## Task input

--------------------------------

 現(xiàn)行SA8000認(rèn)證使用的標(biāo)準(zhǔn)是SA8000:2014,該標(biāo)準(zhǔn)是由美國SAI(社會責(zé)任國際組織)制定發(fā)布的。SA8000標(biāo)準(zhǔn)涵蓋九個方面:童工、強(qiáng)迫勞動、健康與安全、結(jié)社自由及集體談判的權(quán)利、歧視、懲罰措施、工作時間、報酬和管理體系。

--------------------------------

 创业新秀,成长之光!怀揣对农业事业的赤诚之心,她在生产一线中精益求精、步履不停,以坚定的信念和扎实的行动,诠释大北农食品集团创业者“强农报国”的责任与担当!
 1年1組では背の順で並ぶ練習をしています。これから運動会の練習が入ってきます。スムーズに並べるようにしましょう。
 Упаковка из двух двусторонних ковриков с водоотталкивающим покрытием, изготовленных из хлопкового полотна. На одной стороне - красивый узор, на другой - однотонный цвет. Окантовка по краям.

--------------------------------

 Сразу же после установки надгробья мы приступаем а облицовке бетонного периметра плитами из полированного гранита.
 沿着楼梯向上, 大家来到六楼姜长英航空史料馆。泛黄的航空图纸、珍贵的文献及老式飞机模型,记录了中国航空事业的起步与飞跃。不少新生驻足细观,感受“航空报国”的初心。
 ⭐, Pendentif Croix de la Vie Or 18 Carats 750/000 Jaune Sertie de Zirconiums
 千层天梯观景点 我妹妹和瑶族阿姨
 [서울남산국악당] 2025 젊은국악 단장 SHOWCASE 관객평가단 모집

--------------------------------

## Instructions to follow
Nothing but the lines above from the one containing "1年1組では背の順で並ぶ練習" through the one containing "Упаковка из двух" should appear in the answer, each repeated exactly.

## Response to the exercise
 1年1組では背の順で並ぶ練習をしています。これから運動会の練習が入ってきます。スムーズに並べるようにしましょう。
 Упаковка из двух двусторонних ковриков с водоотталкивающим покрытием, изготовленных из хлопкового полотна. На одной стороне - красивый узор, на другой - однотонный цвет. Окантовка по краям.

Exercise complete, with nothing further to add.